Institut Ramon LLull

Alexandra Mira and Beth Caygill are awarded grants for Catalan studies by the North American Catalan Society and Queen Mary University of London, respectively

Language.  01/12/2023

The two grants, funded by the Institut Ramon Llull, aim to generate scientific knowledge and enrich the discipline of Catalan studies.




The NACS (North American Catalan Society) annual grant for Catalan studies is aimed at doctoral students from universities in Canada or the United States whose academic background is outside the scope of the Catalan-speaking world. Its goal is to contribute to promoting the professional development of young academics while generating scientific knowledge. The grant has been awarded to Alexandra Mira, a PhD candidate in Literature and Cultural Studies of the Department of Spanish and Portuguese of Georgetown University. Her research focuses on intersectionalities of gender, sexuality and race in pop culture representations on the Iberian peninsula in the 20th and 21st centuries. She also analyses historical memory, nostalgia and the accepted elements of costumbrismo and cutrismo (trashiness) represented in working class culture from a transnational perspective. Her PhD thesis aims to redefine the concept of cutre through the study of trash culture as a cultural construct arising from neoliberalism and techno-globalisation. The topics covered include Catalan-Caribbean music from its beginnings to the present day (Bad Gyal, Rosalía), queer performance in Barcelona in the 1970s (Nazario Luque, Ocaña) as the salvation of bad taste, and the commodification of nostalgia for trashiness in TV series such as Aquí no hay quien viva.

Since the 2020-2021 academic year, grants have been awarded to the following students: Nathan Douglas (Indiana University), Celia Sainz (University of Massachusetts Amherst) and James Ramsburg (University of Minnesota).

The Balearic Islands Doctoral Studentship in Catalan Studies of the Queen Mary University of London promotes academic research in Catalan studies in the United Kingdom and Ireland. The duration of the studentship is three academic years. The person selected to pursue the PhD in Catalan Studies for the next three academic years is Beth Caygill, whose research project is entitled “Fem i Desfem. Towards a Genealogy of Feminist Catalan Literature; Critical Feminist Translation Practices”. Caygill holds a BA in Modern Languages and Music from the University of Birmingham, where she began studying Catalan language and culture. Focusing on Catalan women’s poetry, and drawing from the interdisciplinary fields of feminist and queer theory, the goal of her research is to situate six Catalan poets (Rosa Leveroni, Maria Mercè Marçal, Mari Chordà i Requesens, Montserrat Abelló, Antonina Canyelles and Dolors Miquel) in the socio-historical landscapes of exile, the Spanish transition to democracy and the fight for women’s rights in Spain. Her thesis aims to analyse the body of feminist Catalan literature and the practice of feminist translation over the three generations in which these authors are situated, adopting a kaleidoscopic approach that goes beyond written texts, encompassing the analysis of translation theories, which have historically been masculinised.
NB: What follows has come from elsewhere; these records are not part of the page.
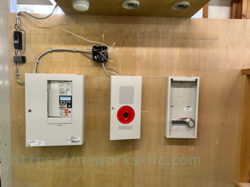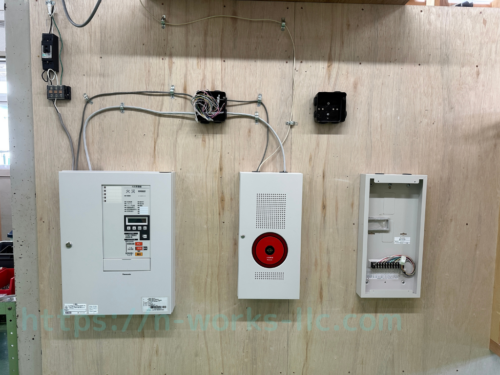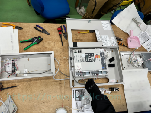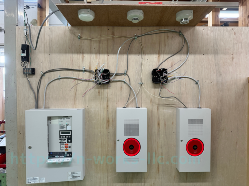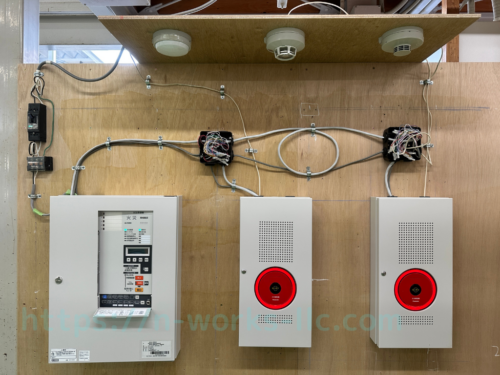 ここまではいわゆる座学で学びますが、最後の施工は実際に自動火災報知設備の機器を配線で繋ぎ合わせて作動させてみるという訓練なので、施工専用の教室を使って行います。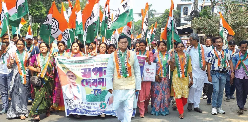 ভোট প্রচারে বেরিয়ে চাষিদের সঙ্গে ধান ঝারাইয়ের কাজে হাত লাগালেন পূর্বস্থলী দক্ষিণ বিধানসভার তৃণমূল কংগ্রেস প্রার্থী স্বপন দেবনাথ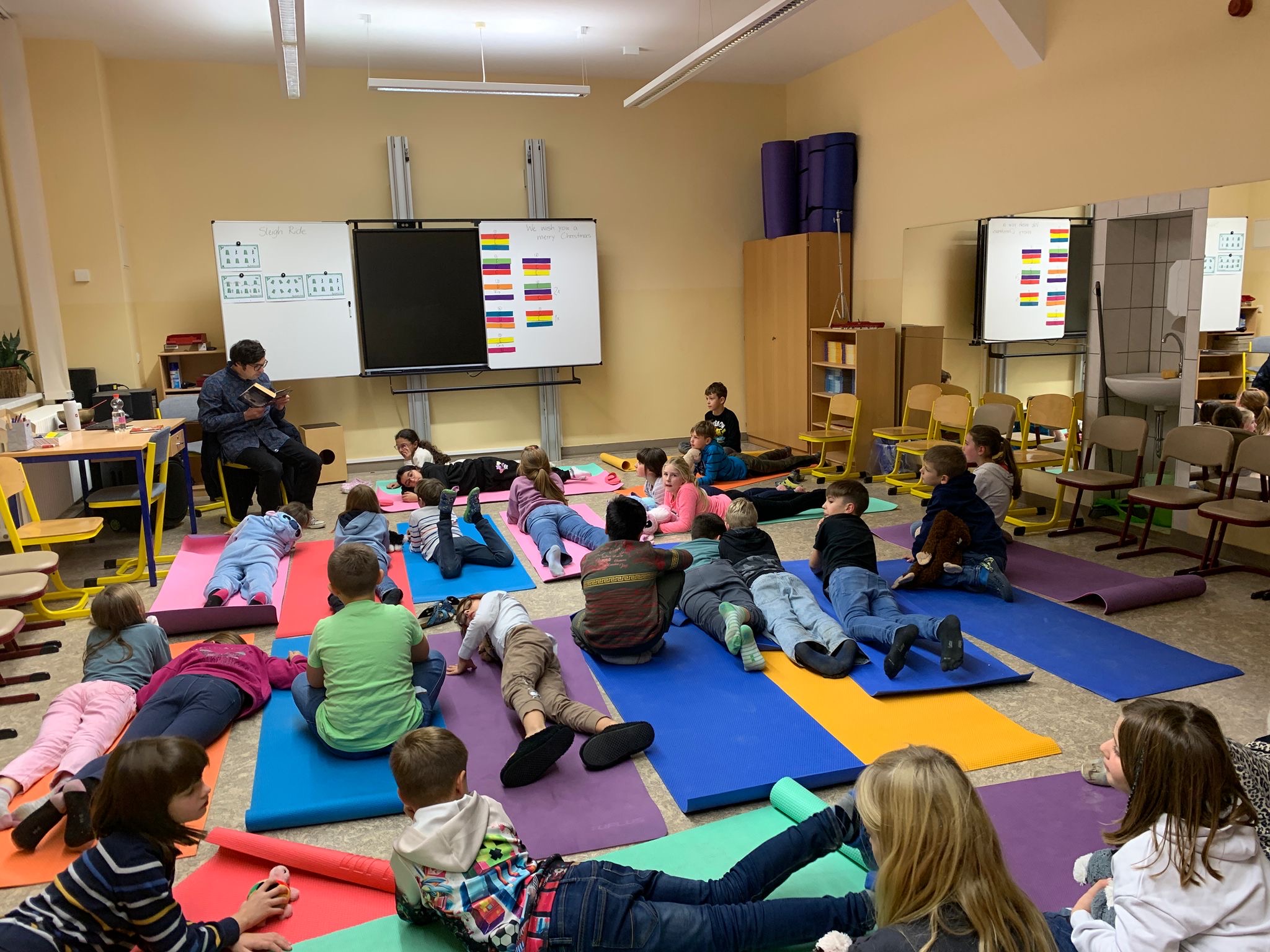 Ein besonderes Highlight war die Vorleserunde mit Herrn Ranalli, der eine spannende Geschichte präsentierte und damit für fesselnde Momente sorgte. Im Anschluss stellten die Kinder ihre eigenen Bücher vor und lasen sich gegenseitig spannende, lustige oder geheimnisvolle Stellen daraus vor. Die Klassenzimmer verwandelten sich in kleine Leseabenteuerwelten.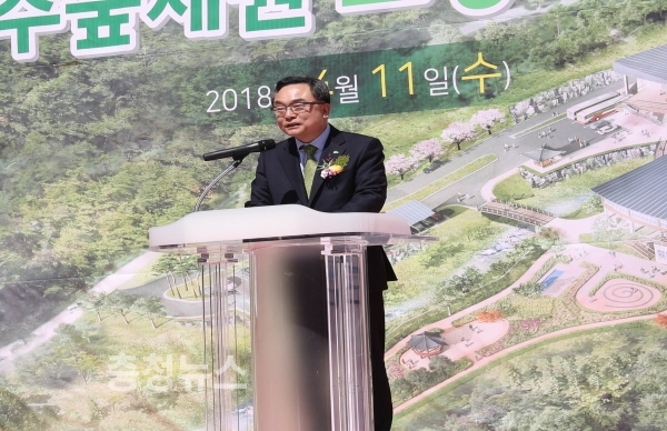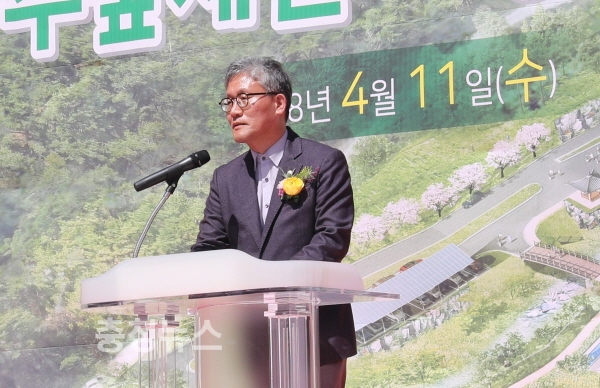 윤영균 한국산림복지진흥원장이 11일 전남 나주시 경현동 산 1-6번지 일원에서 개최된국립나주숲체원 기공식에서 인사말을 하고 있다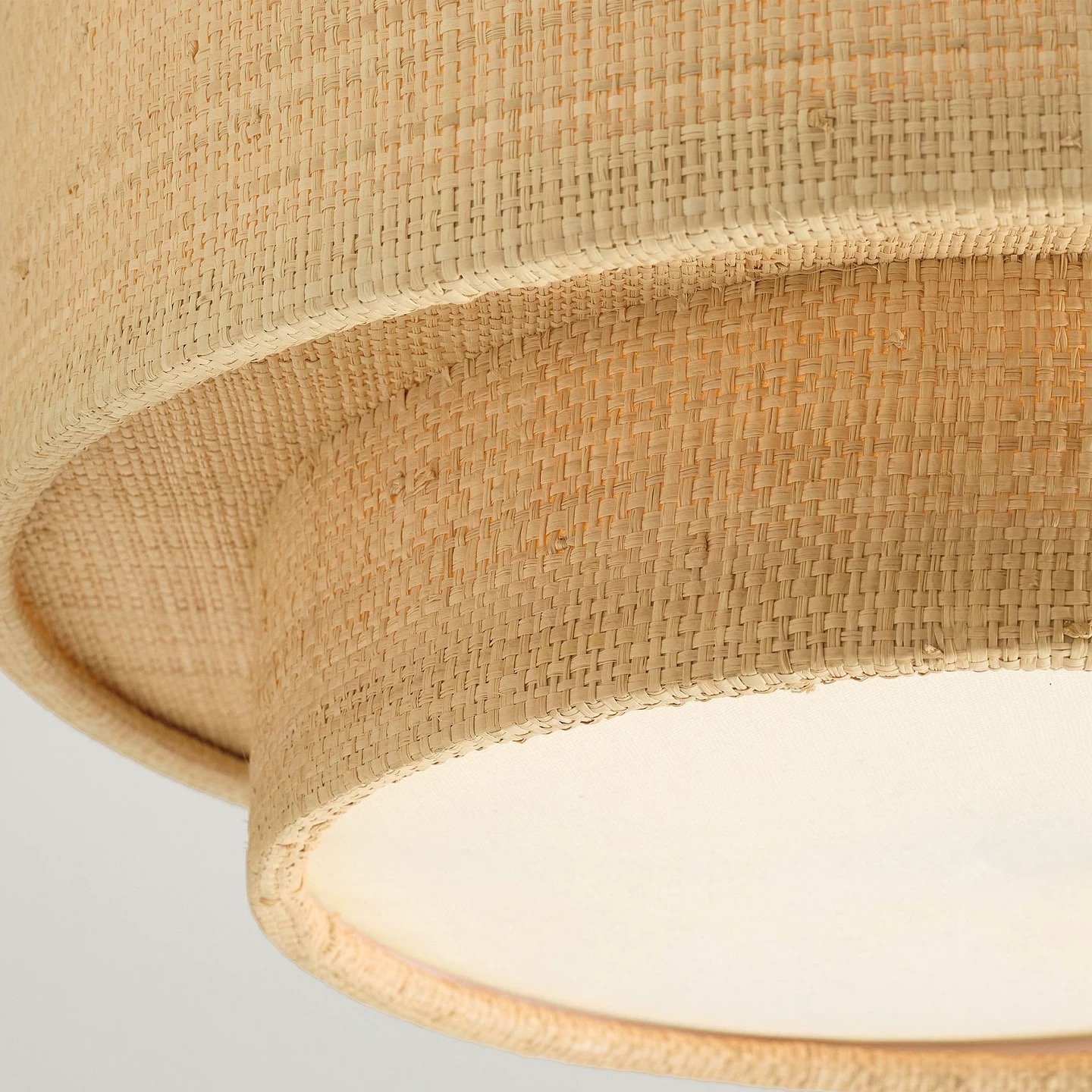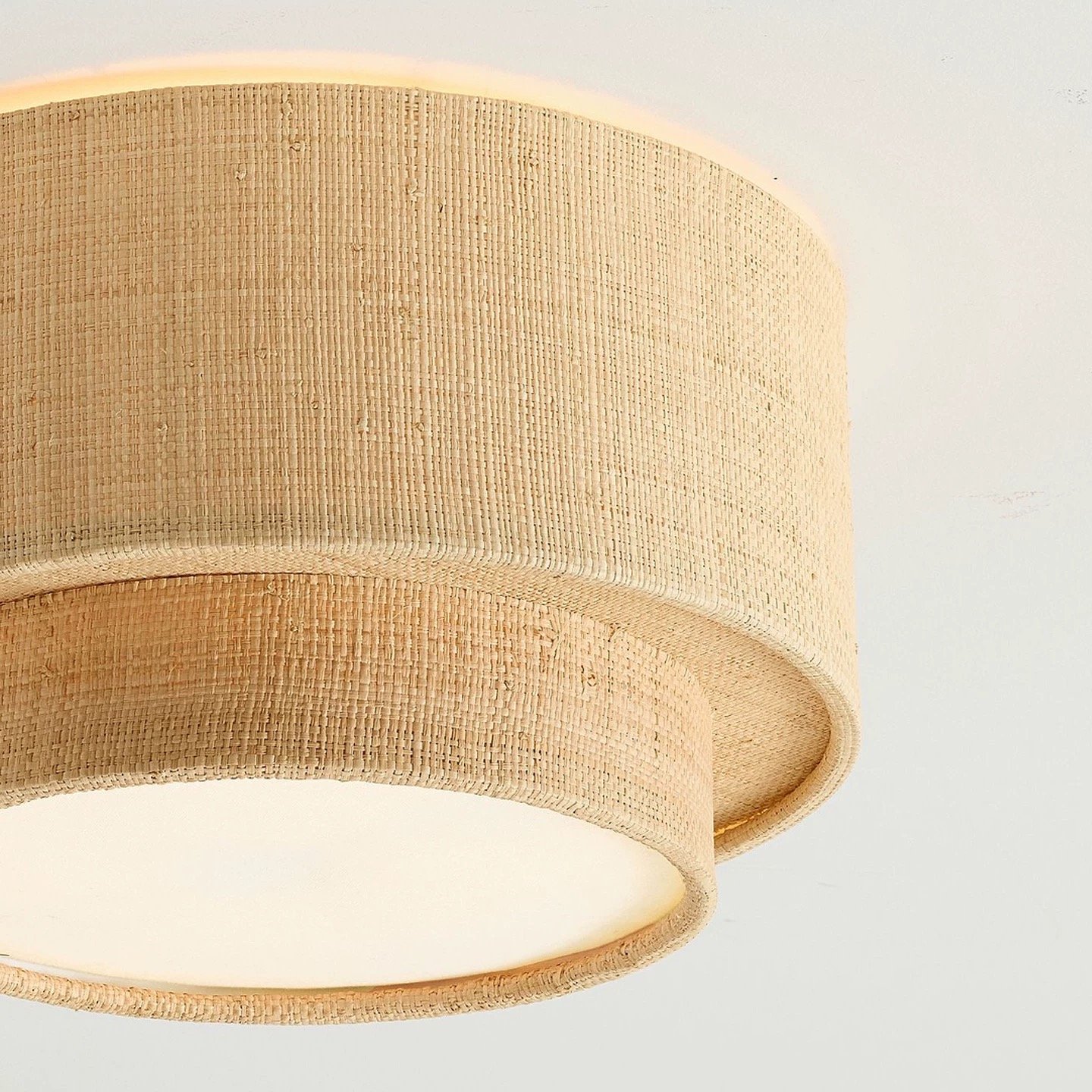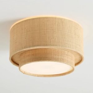 Elevate your space with our handwoven raffia flush mount ceiling light. Featuring a 2-tier natural woven design and warm ambient glow, this boho mid-century modern ceiling lamp adds timeless luxury to bedroom, entryway, hallway, and bathroom.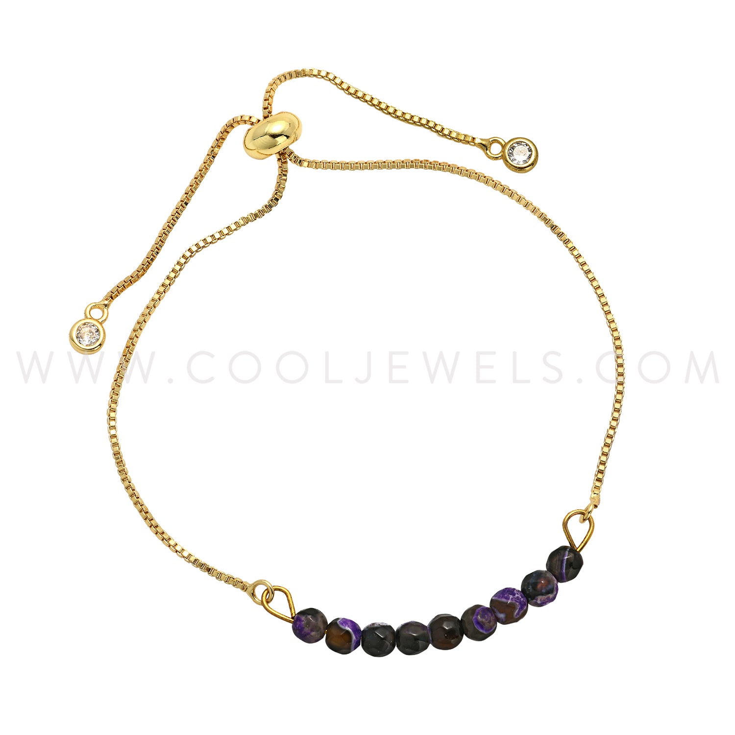 BOX CHAIN SLIDER BRACELET WITH COLORED BEADS CARDED - ASSORTED COLORS
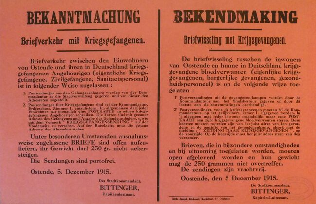 Formaat : 37 x 55 cm. Kennisgeving uitgaande van de Plaatscommandant Bittinger betreffende de briefwisseling met krijgsgevangenen
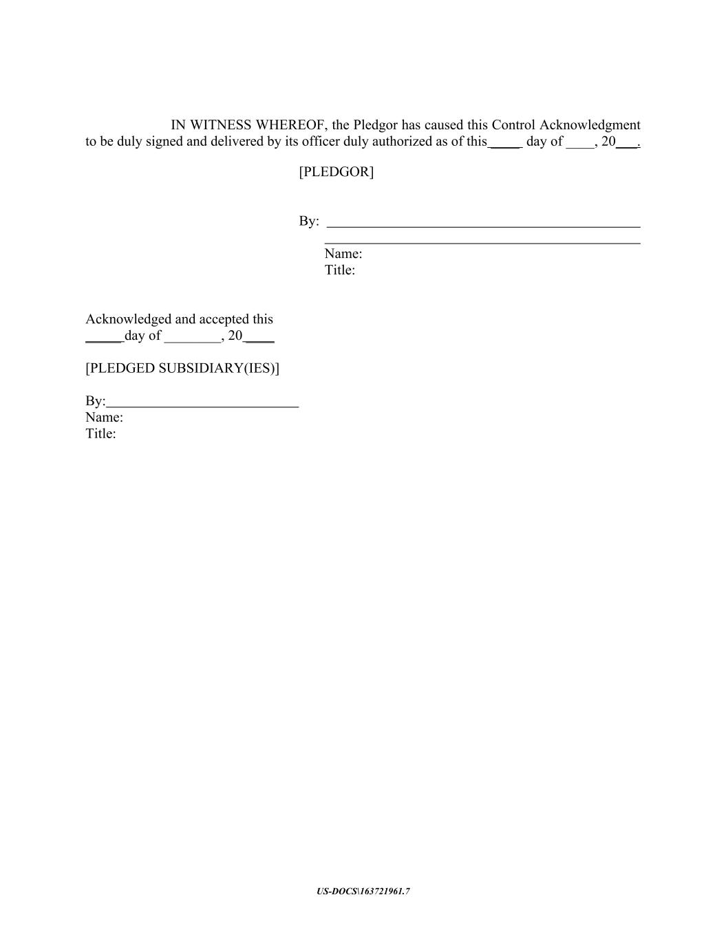 US-DOCS\163721961.7 IN WITNESS WHEREOF, the Pledgor has caused this Control Acknowledgment to be duly signed and delivered by its officer duly authorized as of this ____ day of ____, 20___. [PLEDGOR] By: Name: Title: Acknowledged and accepted this _____ day of ________, 20 ____ [PLEDGED SUBSIDIARY(IES)] By: Name: Title: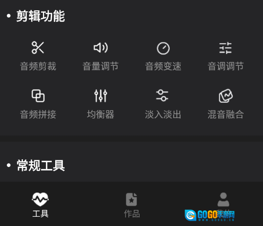 2、提供音频裁剪以及音量调节,变速处理以及音调设置调节等,十几种功能。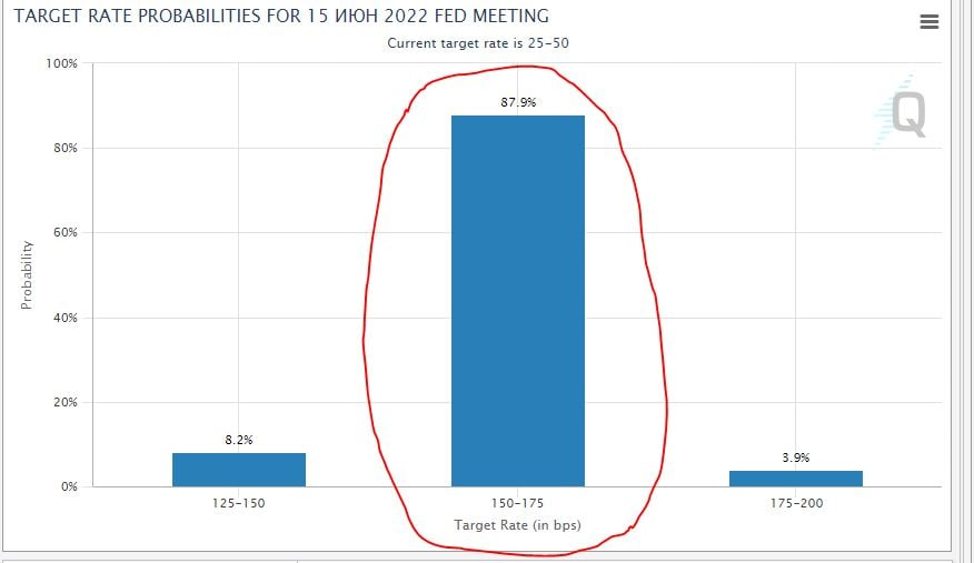 4 мая прошла пресс-конференция FOMC, на которой объявили о повышении ставки на 0,5%. Сейчас ставка ФРС составляет 1%. Рынок ожидал более решительных действий от регулятора — повышения ставки на 0,75%. По крайней мере на 22 апреля рынок закладывал почти 90% вероятность подъёма на 0,75%: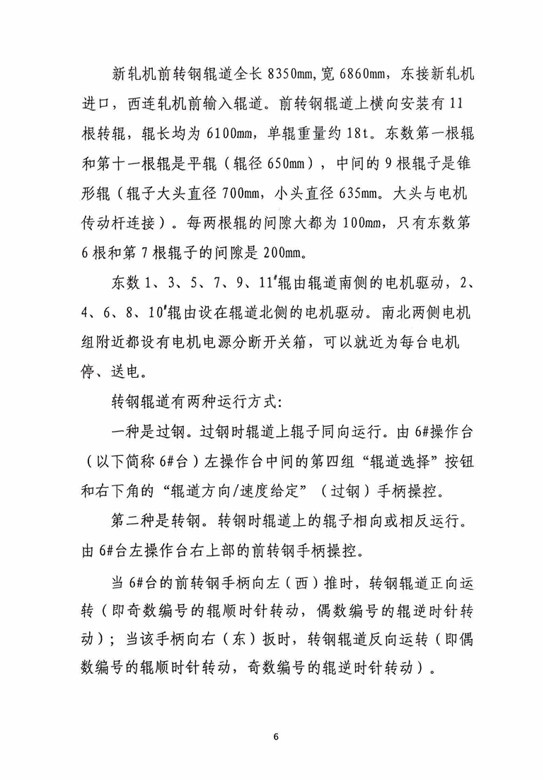 大概16時16分左右,電氣自動化作業區主管工程師安宏燦接到6#臺操作工王曉輝的電話,得知新軋機前轉鋼輥道擠住人了。安宏燦進行確認后,去新軋機ER1電氣室,對新軋機6#臺電氣系統進行停電。停電時間是16時20分左右。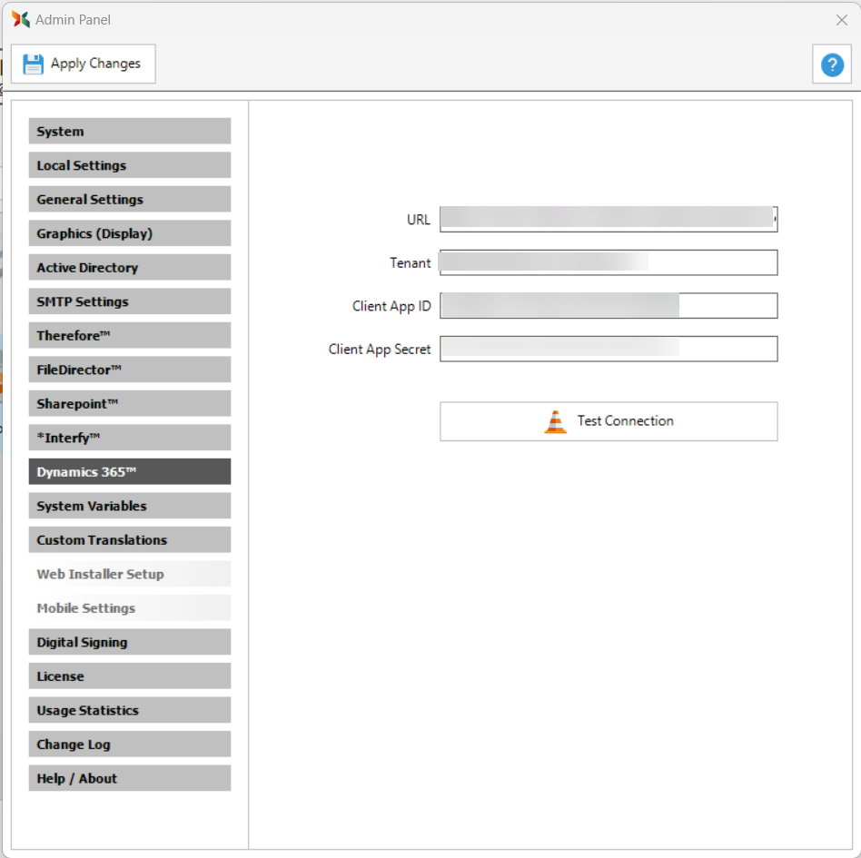 •Test Connection - Once the above credentials have been input, the administrator can click Test Connection to make sure Scan2x has connected to the Dynamics 365™ site accordingly.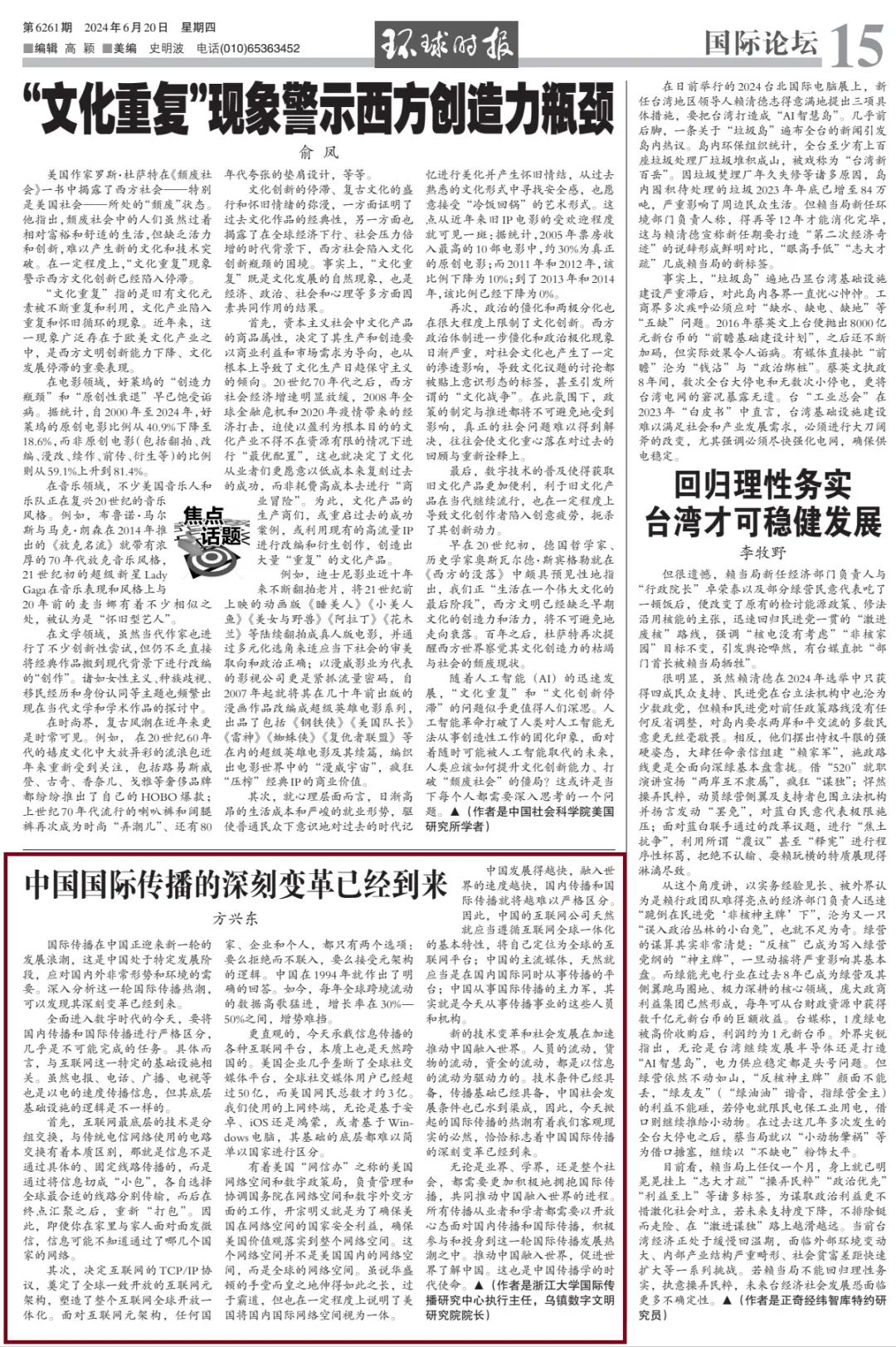 2024年6月20日的《环球时报》发表浙江大学国际传播研究中心执行主任方兴东教授的文章《中国国际传播的深刻变革已经到来》。

The students who have previously been awarded this studentship are Richard Huddleson and James Chow-Thomas.

The research grant programme of the Institut Ramon Llull is aimed at promoting the professional development of young academics who have completed Catalan studies at universities outside the Catalan-speaking world, thereby incentivising and increasing Catalan studies within the international academic community.